> _Source information_
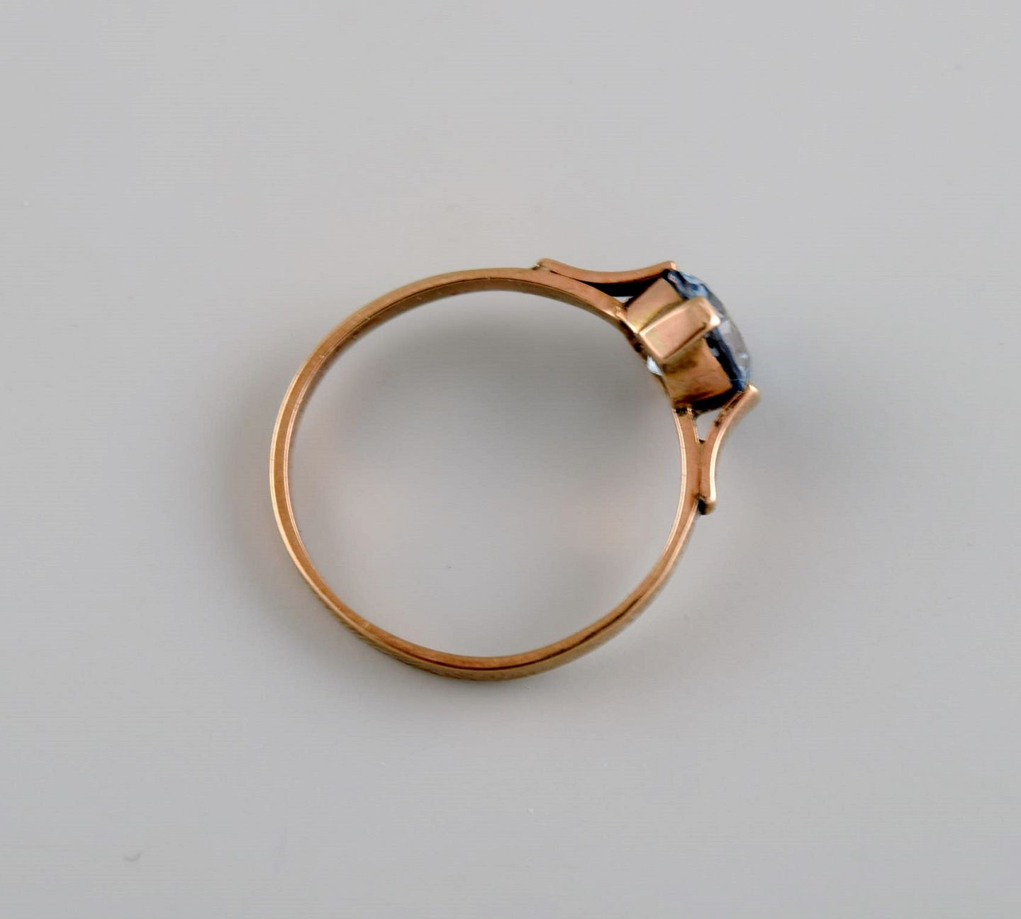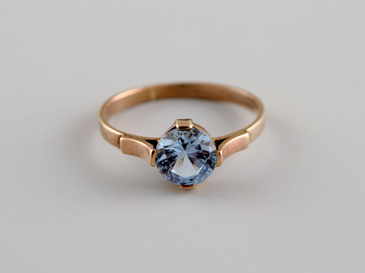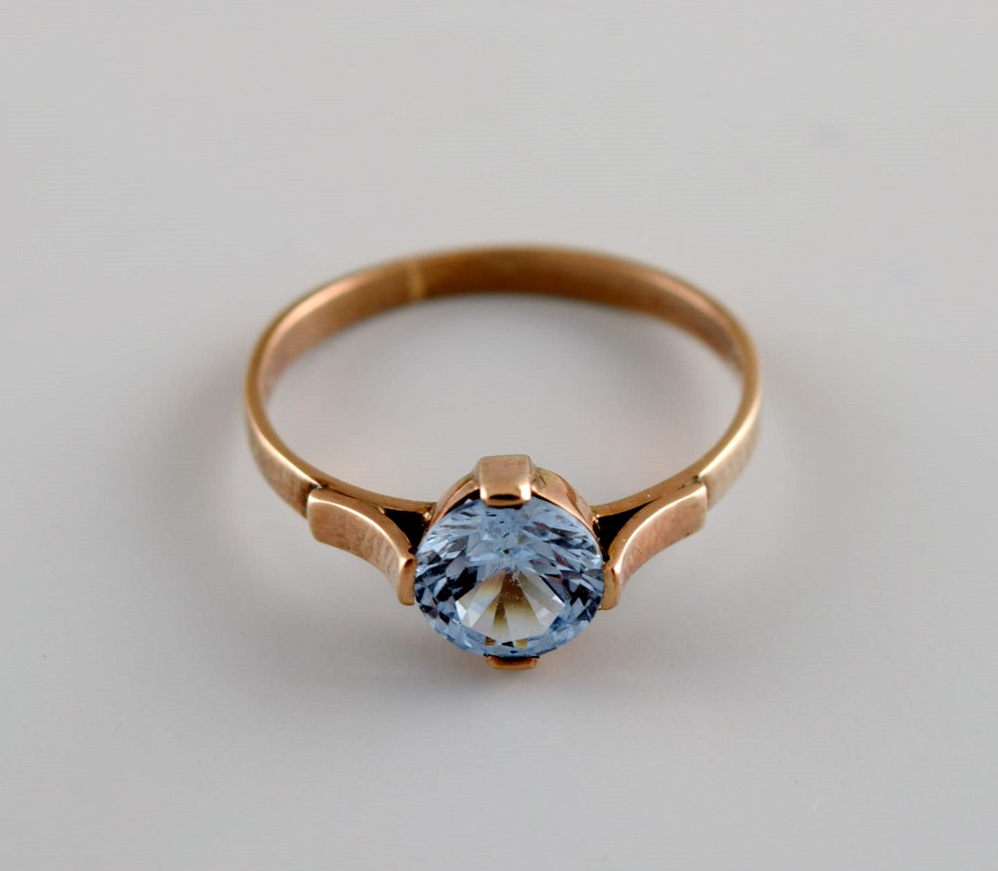 Scandinavian goldsmith. Vintage ring in 14 carat gold adorned with light blue semi-precious stone. Mid 20th century.
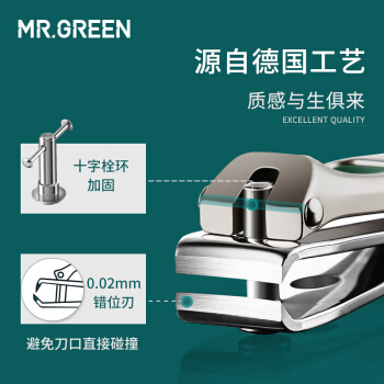 德国MR.GREEN指甲刀单个指甲剪大号进口不锈钢斜口指甲钳家用便携小号子套装原装甲沟炎灰厚嵌 中号(限时赠指甲锉) |
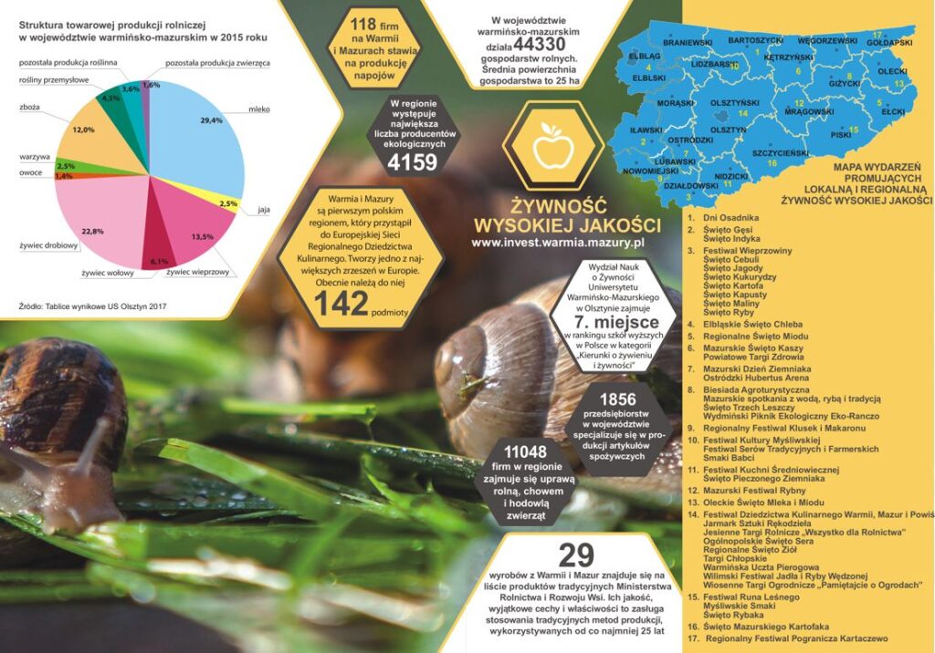 Warmia i Mazury mają idealne warunki, aby skorzystać z trendu na popyt na żywność wysokiej jakości (w tym także żywność wytworzoną z ekologicznych składników). Ponad połowę powierzchni województwa stanowią użytki rolne (54,71 %). W województwie warmińsko-mazurskim działa ok. 26 tys. małych i średnich gospodarstw dostarczających żywność naturalną, tradycyjną i ekologiczną na bazie własnych surowców. Sieć rozwija się coraz dynamicznej – obecnie co jedenaste gospodarstwo ekologiczne w Polsce znajduje się w województwie warmińsko-mazurskim (daje nam to drugie miejsce w kraju), a blisko 15 procent upraw rolnych, objętych systemem kontroli w rolnictwie ekologicznym, znajdowało się właśnie w naszym regionie. Z ekologicznych bogactw Warmii i Mazur czerpią firmy produkujące artykuły spożywcze i napoje – w regionie działa ich aż 900. To właśnie żywność wiedzie prym wśród eksportowanych z Warmii i Mazur towarów.
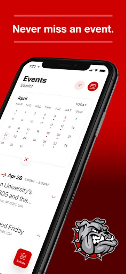 The event section shows a list of events througahout the district. Users can add an event to your calendar to share the event with friends and family with one tap.
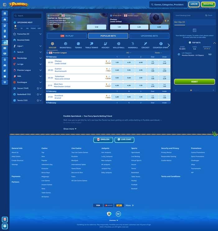 Pandido’s bonus offering beyond welcome bonuses is pretty good, too. You can score weekly reload bonuses, acca and odd boosts, risk-free bonuses when using Bet Builder, and even lucrative cashbacks.
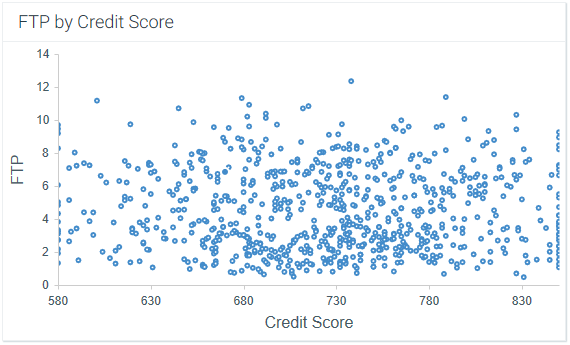 NOTE: This chart uses the default marker shape and size. The labels for the X-Axis and Y-Axis ("FTP" and "Credit Score") are defined in the component properties, not in the data source.
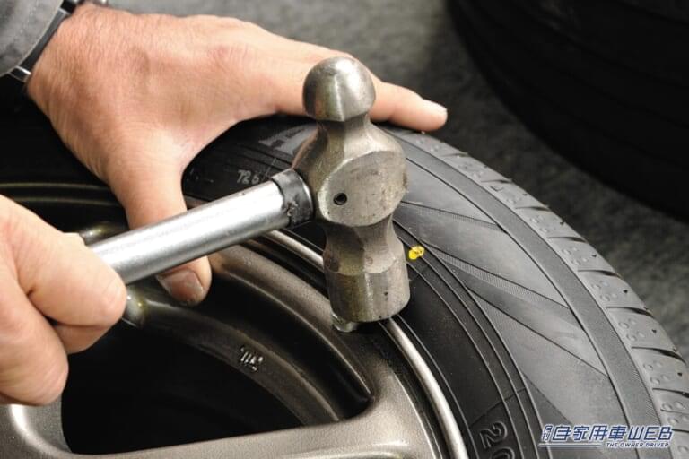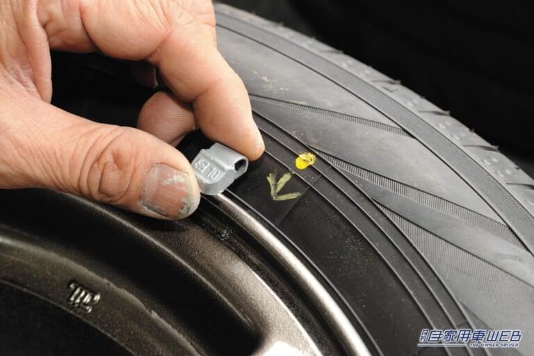 ちなみに、リム部にバランスウェイトが打ち込まれていると作業の邪魔になるので、作業開始前にタイヤ側面の打ち込み位置をマーキングして、ウェイトを外しておこう。
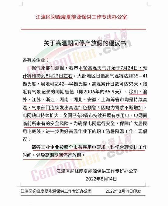 重慶江津區(qū)迎峰度夏能源保供工作專班辦公室發(fā)布《關(guān)于高溫期間停產(chǎn)放假的倡議書》給各有關(guān)企業(yè)稱∶據(jù)氣象部門測報,重慶市本輪高溫天氣開始于7月24日,預(yù)計將維持到8月23日左右,大部地區(qū)日最高氣溫將達(dá)到35—41 攝氏度,局地可達(dá)42——44攝氏度,高溫累計日數(shù)可達(dá)33天,接近有氣象記錄的同期極值(即2006年的36.9天)。
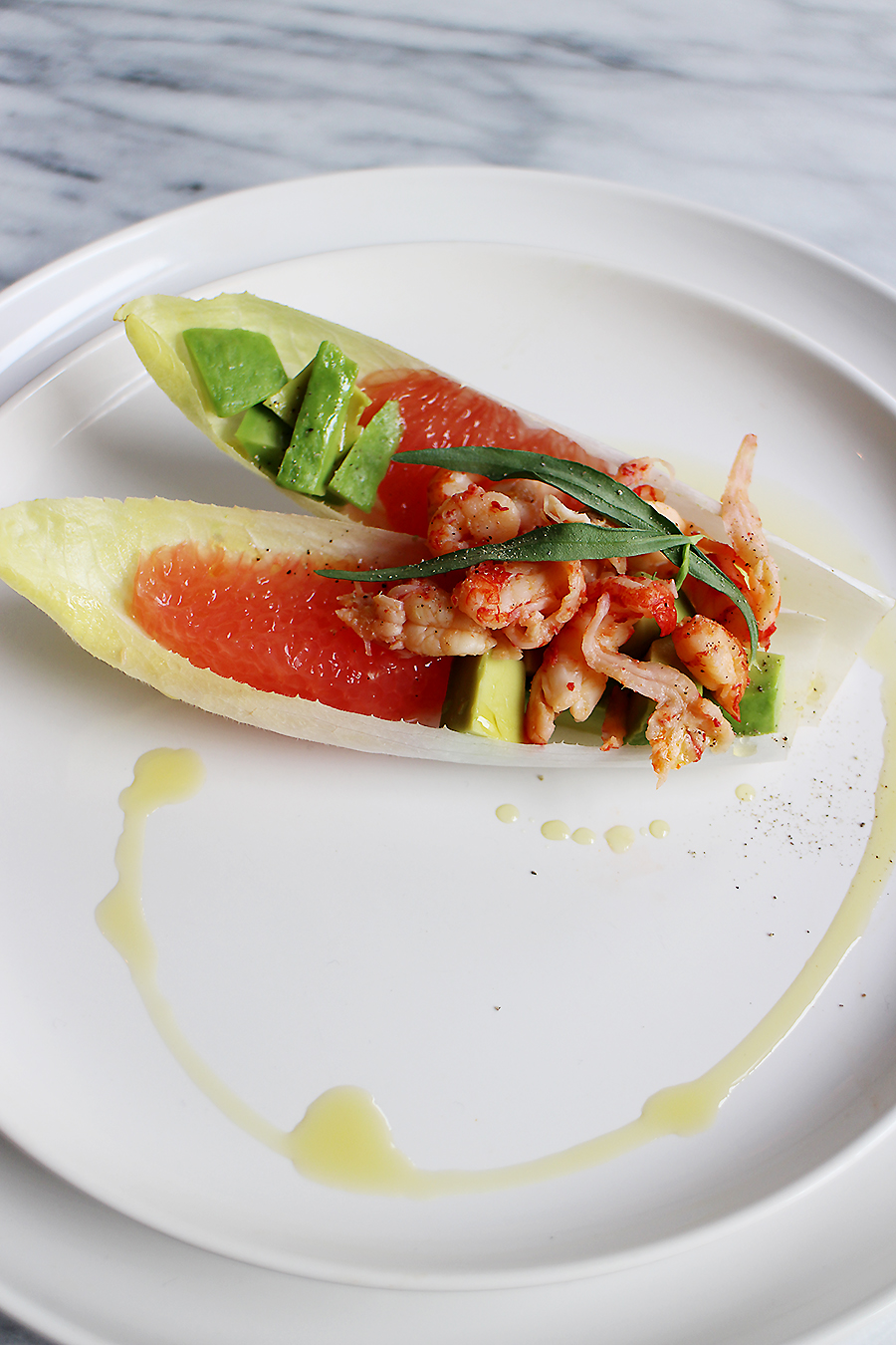 Witlofschuitjes met rivierkreeftjes, grapefruit en avocado
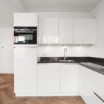 De centrale hal verschaft toegang tot alle vertrekken. Via de hal is een separate wasruimte bereikbaar. Aan de voorkant van het appartement ligt de woonkamer met half open keuken. De keuken is voorzien van Siemens inbouwapparatuur met o.a. een vaatwasser, 4-pits inductie kookplaat incl. geïntegreerde afzuiging, combi oven/magnetron en een koel/vriescombinatie.
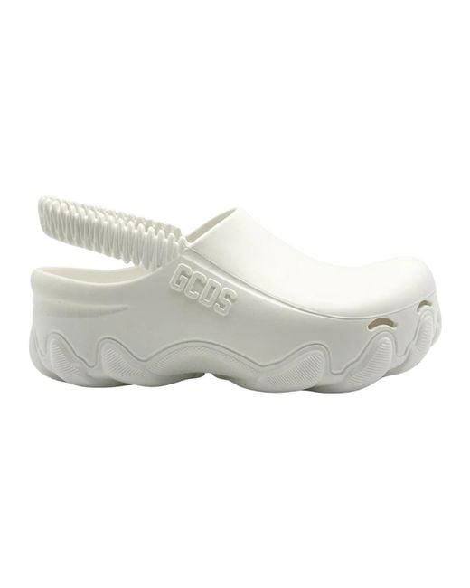 Gcds Clogs — bold, futuristic clogs designed to add an urban twist to everyday looks. They feature a sculptural, voluminous sole and a 3D Gcds logo on the side for strong visual impact. Key attributes: White | Bianco | Synthetic | Slip-on design | Practical and comfortable footbed | Clogs with rounded toe | Sculptural, moulded sole with wavy details | Voluminous, contemporaneous silhouette | 3D embossed Gcds logo on the side | Moulded, contoured upper structure | Dimensions & fit: Practical, comfortable fit | Easy slip-on wear Colour: white
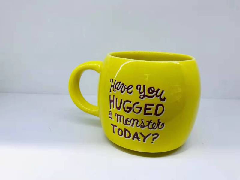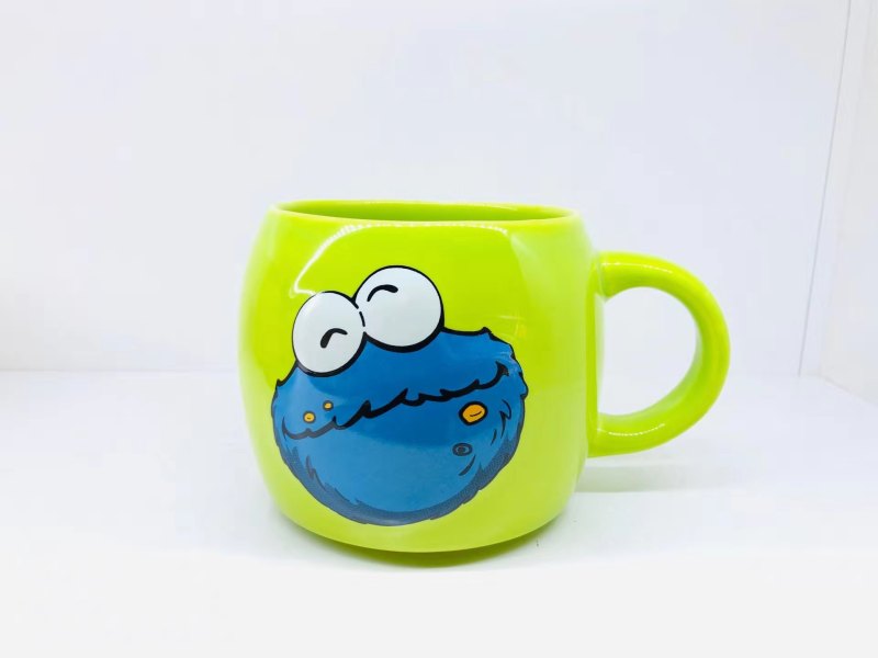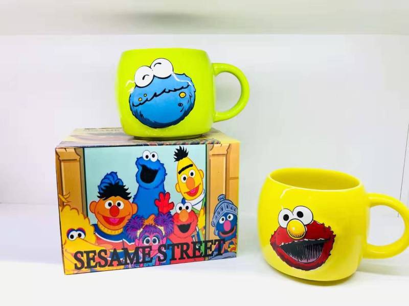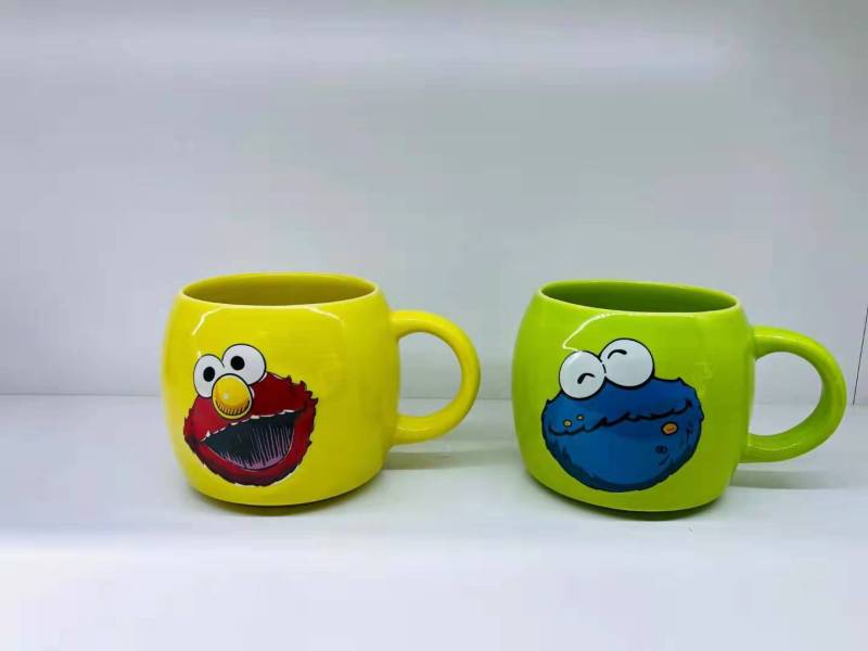 网红芝麻街艾莫水杯 手柄陶瓷杯黄色水杯卡通可爱艾莫图案陶瓷杯

> _Task requirements_
Although the records above contain pictures, your copy should give only their text, exactly as written.

> _Response below_
 Scandinavian goldsmith. Vintage ring in 14 carat gold adorned with light blue semi-precious stone. Mid 20th century.
 德国MR.GREEN指甲刀单个指甲剪大号进口不锈钢斜口指甲钳家用便携小号子套装原装甲沟炎灰厚嵌 中号(限时赠指甲锉) |
 Warmia i Mazury mają idealne warunki, aby skorzystać z trendu na popyt na żywność wysokiej jakości (w tym także żywność wytworzoną z ekologicznych składników). Ponad połowę powierzchni województwa stanowią użytki rolne (54,71 %). W województwie warmińsko-mazurskim działa ok. 26 tys. małych i średnich gospodarstw dostarczających żywność naturalną, tradycyjną i ekologiczną na bazie własnych surowców. Sieć rozwija się coraz dynamicznej – obecnie co jedenaste gospodarstwo ekologiczne w Polsce znajduje się w województwie warmińsko-mazurskim (daje nam to drugie miejsce w kraju), a blisko 15 procent upraw rolnych, objętych systemem kontroli w rolnictwie ekologicznym, znajdowało się właśnie w naszym regionie. Z ekologicznych bogactw Warmii i Mazur czerpią firmy produkujące artykuły spożywcze i napoje – w regionie działa ich aż 900. To właśnie żywność wiedzie prym wśród eksportowanych z Warmii i Mazur towarów.
 The event section shows a list of events througahout the district. Users can add an event to your calendar to share the event with friends and family with one tap.
 Pandido’s bonus offering beyond welcome bonuses is pretty good, too. You can score weekly reload bonuses, acca and odd boosts, risk-free bonuses when using Bet Builder, and even lucrative cashbacks.
 NOTE: This chart uses the default marker shape and size. The labels for the X-Axis and Y-Axis ("FTP" and "Credit Score") are defined in the component properties, not in the data source.
 ちなみに、リム部にバランスウェイトが打ち込まれていると作業の邪魔になるので、作業開始前にタイヤ側面の打ち込み位置をマーキングして、ウェイトを外しておこう。
 重慶江津區(qū)迎峰度夏能源保供工作專班辦公室發(fā)布《關(guān)于高溫期間停產(chǎn)放假的倡議書》給各有關(guān)企業(yè)稱∶據(jù)氣象部門測報,重慶市本輪高溫天氣開始于7月24日,預(yù)計將維持到8月23日左右,大部地區(qū)日最高氣溫將達(dá)到35—41 攝氏度,局地可達(dá)42——44攝氏度,高溫累計日數(shù)可達(dá)33天,接近有氣象記錄的同期極值(即2006年的36.9天)。
 Witlofschuitjes met rivierkreeftjes, grapefruit en avocado
 De centrale hal verschaft toegang tot alle vertrekken. Via de hal is een separate wasruimte bereikbaar. Aan de voorkant van het appartement ligt de woonkamer met half open keuken. De keuken is voorzien van Siemens inbouwapparatuur met o.a. een vaatwasser, 4-pits inductie kookplaat incl. geïntegreerde afzuiging, combi oven/magnetron en een koel/vriescombinatie.
 Gcds Clogs — bold, futuristic clogs designed to add an urban twist to everyday looks. They feature a sculptural, voluminous sole and a 3D Gcds logo on the side for strong visual impact. Key attributes: White | Bianco | Synthetic | Slip-on design | Practical and comfortable footbed | Clogs with rounded toe | Sculptural, moulded sole with wavy details | Voluminous, contemporaneous silhouette | 3D embossed Gcds logo on the side | Moulded, contoured upper structure | Dimensions & fit: Practical, comfortable fit | Easy slip-on wear Colour: white
 网红芝麻街艾莫水杯 手柄陶瓷杯黄色水杯卡通可爱艾莫图案陶瓷杯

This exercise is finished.